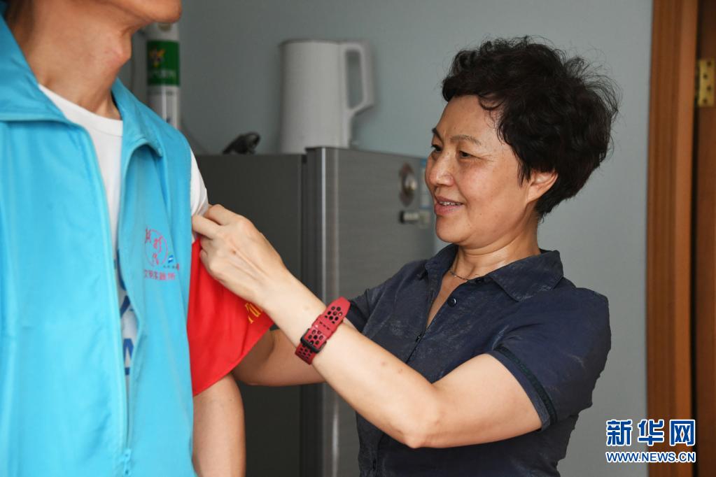 8月14日,在北京市海淀區(qū)薊門里社區(qū),董星梅在家中為準備去社區(qū)出入口值守的丈夫馮向東整理著裝。
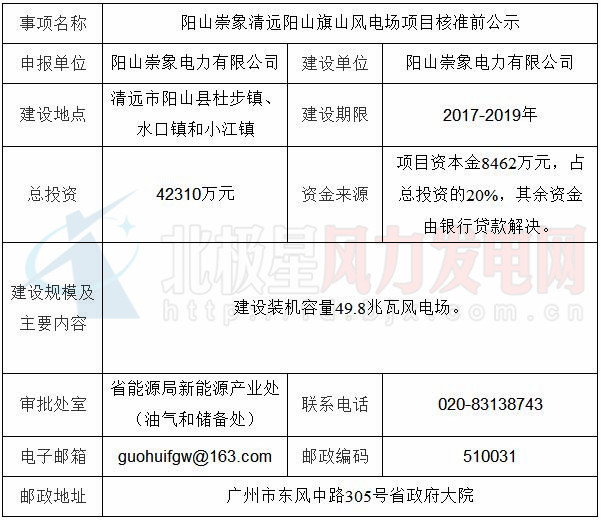陽(yáng)山崇象清遠(yuǎn)陽(yáng)山旗山風(fēng)電場(chǎng)項(xiàng)目核準(zhǔn)前公示
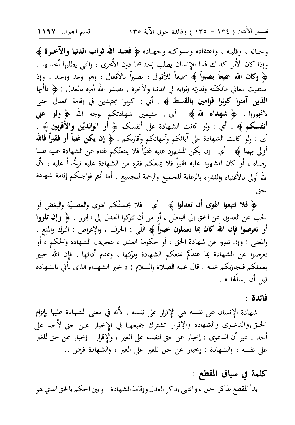 وإذ استقرت معاني مالكيته وقدرته وثوابه في الدنيا والآخرة، يصدر الله أمره بالعدل: يا أَيُّهَا الَّذِينَ آمَنُوا كُونُوا قَوَّامِينَ بِالْقِسْطِ. أي: كونوا مجتهدين في إقامة العدل حتى لا تجوروا. شُهَداءَ لِلَّهِ. أي: مقيمين شهادتكم لوجه الله وَلَوْ عَلى أَنْفُسِكُمْ. أي: ولو كانت الشهادة على أنفسكم أَوِ الْوالِدَيْنِ وَالْأَقْرَبِينَ.
○ ○ ○ ○
Work order — The listing above is to be retyped word for word, with the pictures omitted.

Task output —
 8月14日,在北京市海淀區(qū)薊門里社區(qū),董星梅在家中為準備去社區(qū)出入口值守的丈夫馮向東整理著裝。
陽(yáng)山崇象清遠(yuǎn)陽(yáng)山旗山風(fēng)電場(chǎng)項(xiàng)目核準(zhǔn)前公示
 وإذ استقرت معاني مالكيته وقدرته وثوابه في الدنيا والآخرة، يصدر الله أمره بالعدل: يا أَيُّهَا الَّذِينَ آمَنُوا كُونُوا قَوَّامِينَ بِالْقِسْطِ. أي: كونوا مجتهدين في إقامة العدل حتى لا تجوروا. شُهَداءَ لِلَّهِ. أي: مقيمين شهادتكم لوجه الله وَلَوْ عَلى أَنْفُسِكُمْ. أي: ولو كانت الشهادة على أنفسكم أَوِ الْوالِدَيْنِ وَالْأَقْرَبِينَ.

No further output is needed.